## DATA EXTRACT
———

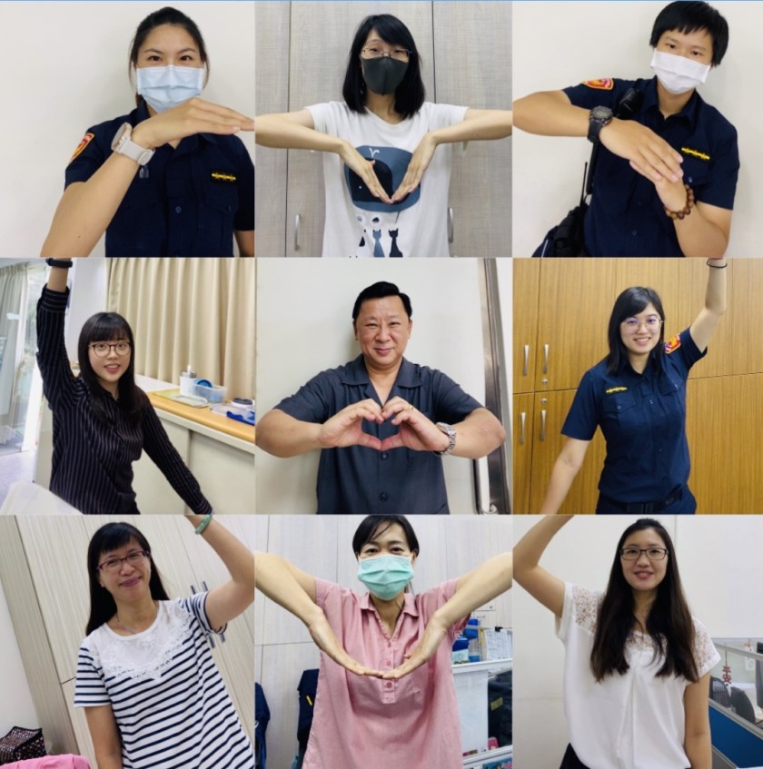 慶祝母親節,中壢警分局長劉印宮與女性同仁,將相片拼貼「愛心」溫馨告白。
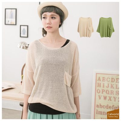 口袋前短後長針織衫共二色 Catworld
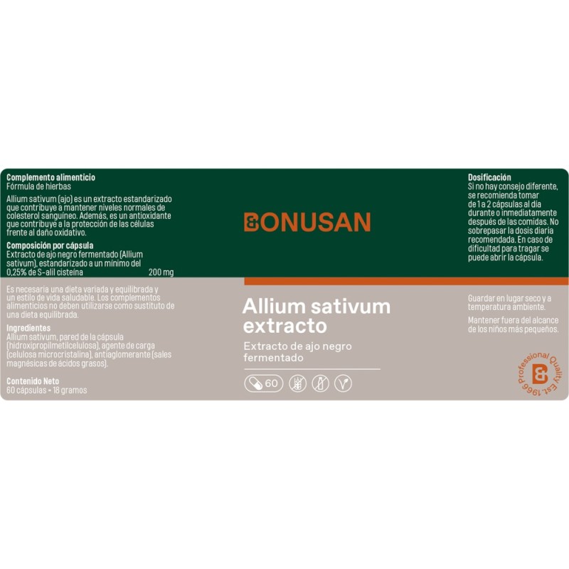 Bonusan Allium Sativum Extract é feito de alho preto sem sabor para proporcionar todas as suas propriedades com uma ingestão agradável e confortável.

———

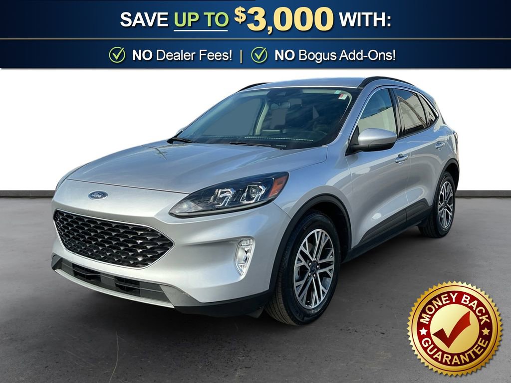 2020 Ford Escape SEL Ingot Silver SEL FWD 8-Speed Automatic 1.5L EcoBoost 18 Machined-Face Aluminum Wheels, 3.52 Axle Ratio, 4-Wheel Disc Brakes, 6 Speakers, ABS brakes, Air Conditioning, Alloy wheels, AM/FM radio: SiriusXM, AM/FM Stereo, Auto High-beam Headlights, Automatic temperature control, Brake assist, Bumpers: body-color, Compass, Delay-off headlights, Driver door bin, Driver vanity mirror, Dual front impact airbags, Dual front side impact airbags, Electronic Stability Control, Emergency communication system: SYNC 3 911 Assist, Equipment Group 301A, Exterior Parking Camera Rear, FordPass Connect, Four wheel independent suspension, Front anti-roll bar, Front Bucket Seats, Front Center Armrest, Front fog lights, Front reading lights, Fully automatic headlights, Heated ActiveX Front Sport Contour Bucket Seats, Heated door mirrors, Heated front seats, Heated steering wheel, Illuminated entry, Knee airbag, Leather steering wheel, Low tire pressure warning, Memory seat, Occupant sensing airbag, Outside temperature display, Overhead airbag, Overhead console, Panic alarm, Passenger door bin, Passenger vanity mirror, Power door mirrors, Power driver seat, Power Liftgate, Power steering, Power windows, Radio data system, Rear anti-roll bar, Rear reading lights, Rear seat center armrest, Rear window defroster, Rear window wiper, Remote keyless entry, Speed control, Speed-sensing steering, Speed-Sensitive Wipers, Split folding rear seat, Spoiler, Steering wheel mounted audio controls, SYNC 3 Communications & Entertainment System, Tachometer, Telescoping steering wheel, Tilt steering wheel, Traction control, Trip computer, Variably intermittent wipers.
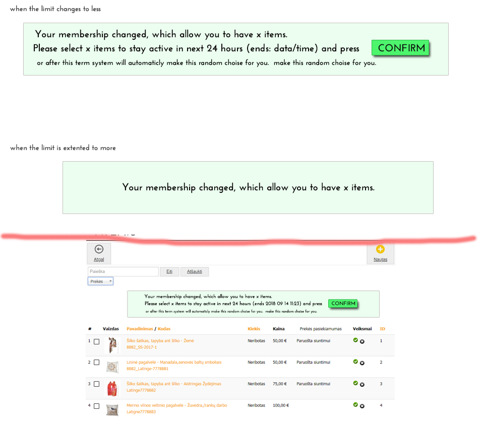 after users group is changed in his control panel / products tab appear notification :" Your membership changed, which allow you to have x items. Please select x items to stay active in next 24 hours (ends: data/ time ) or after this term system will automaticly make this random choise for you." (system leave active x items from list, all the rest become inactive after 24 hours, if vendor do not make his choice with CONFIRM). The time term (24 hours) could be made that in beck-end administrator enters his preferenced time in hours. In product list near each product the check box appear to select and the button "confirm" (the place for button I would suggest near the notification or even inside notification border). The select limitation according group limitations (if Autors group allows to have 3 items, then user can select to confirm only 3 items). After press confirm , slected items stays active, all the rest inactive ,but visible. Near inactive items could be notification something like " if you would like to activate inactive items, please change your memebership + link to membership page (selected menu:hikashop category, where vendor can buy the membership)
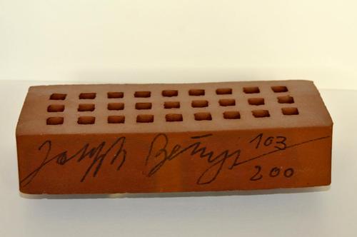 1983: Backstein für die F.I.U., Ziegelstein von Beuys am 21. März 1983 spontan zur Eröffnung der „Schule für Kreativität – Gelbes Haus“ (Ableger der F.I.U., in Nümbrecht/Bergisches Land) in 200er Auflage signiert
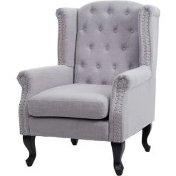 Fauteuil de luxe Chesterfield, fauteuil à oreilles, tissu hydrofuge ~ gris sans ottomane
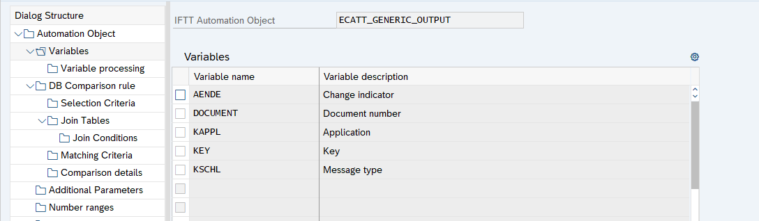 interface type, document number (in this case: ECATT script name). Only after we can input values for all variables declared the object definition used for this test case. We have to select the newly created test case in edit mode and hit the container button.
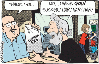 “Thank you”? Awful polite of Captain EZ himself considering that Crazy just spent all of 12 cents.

———

## TASK DETAILS
Set the pictures aside and retype exactly the lines above from the line with "口袋前短後長針織衫共二色 Catworld" to the line with "Bonusan Allium Sativum", both included, adding no others.

## SOLUTION TO THIS TASK
 口袋前短後長針織衫共二色 Catworld
 Bonusan Allium Sativum Extract é feito de alho preto sem sabor para proporcionar todas as suas propriedades com uma ingestão agradável e confortável.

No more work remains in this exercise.